The Biblical view of the law, the courts, and the state is profoundly radical. The Bible looks upon the state as a kind of rebellious artifice; it is spurious, a human creation in rebellion against God.
In the Old Testament, when the first state is proposed in the person of Saul, the first King of Israel, God tells the prophet Samuel that this project spells rejection of God. The state and its legislature are in rebellion against, or rejection of, God. Its courts are a human fabrication, cannot promote justice and peace; they are founded in violence, and legalize violence.
The state holds together through police power, against the citizenry.
The state, conceived in violence, and backed by violence, will never achieve true peace.

 
Philip Berrigan
 

Existing criminology is insufficient to isolate barbarism. It is insufficient because the idea of "crime" in existing criminology is artificial, for what is called crime is really an infringement of "existing laws", whereas "laws" are very often a manifestation of barbarism and violence. Such are the prohibiting laws of different kinds which abound in modern life. The number of these laws is constantly growing in all countries and, owing to this, what is called crime is very often not a crime at all, for it contains no element of violence or harm. On the other hand, unquestionable crimes escape the field of vision of criminology, either because they have not recognized the form of crime or because they surpass a certain scale. In existing criminology there are concepts: a criminal man, a criminal profession, a criminal society, a criminal sect, and a criminal tribe, but there is no concept of a criminal state, or a criminal government, or criminal legislation.
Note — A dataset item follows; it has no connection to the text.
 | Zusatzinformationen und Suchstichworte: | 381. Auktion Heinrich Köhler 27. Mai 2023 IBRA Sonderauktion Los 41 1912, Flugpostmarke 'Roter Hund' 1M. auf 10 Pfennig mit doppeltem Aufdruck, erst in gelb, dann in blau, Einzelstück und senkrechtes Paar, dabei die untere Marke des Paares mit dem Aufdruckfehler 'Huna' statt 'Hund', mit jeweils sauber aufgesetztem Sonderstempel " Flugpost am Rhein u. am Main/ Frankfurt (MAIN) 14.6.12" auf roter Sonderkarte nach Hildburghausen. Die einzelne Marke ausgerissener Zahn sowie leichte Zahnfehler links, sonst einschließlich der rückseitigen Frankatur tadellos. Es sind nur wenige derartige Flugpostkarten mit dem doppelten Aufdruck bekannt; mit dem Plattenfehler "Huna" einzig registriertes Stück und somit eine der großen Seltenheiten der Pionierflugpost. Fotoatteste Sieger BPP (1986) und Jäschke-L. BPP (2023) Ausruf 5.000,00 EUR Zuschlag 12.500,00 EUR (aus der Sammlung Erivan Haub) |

Consequently what is often regarded as "political" activity is in fact a criminal activity.
This limitation of the field of vision of criminology together with the absence of an exact and permanent definition of the concept of crime is one of the chief characteristics of our culture.

 
P. D. Ouspensky
 

Yeah, I've got violence in me, but no negative violence. My violence is the violence of the free man who refuses to knuckle under. Creation is violent. Life is violent. Birth is a violent process. Tempests and earthquakes are violent movements of nature. My violence is the violence of life. It is not violence against nature, like the violence of the state, which sends your kids to the slaughterhouse, deadens your minds, and drives out your souls!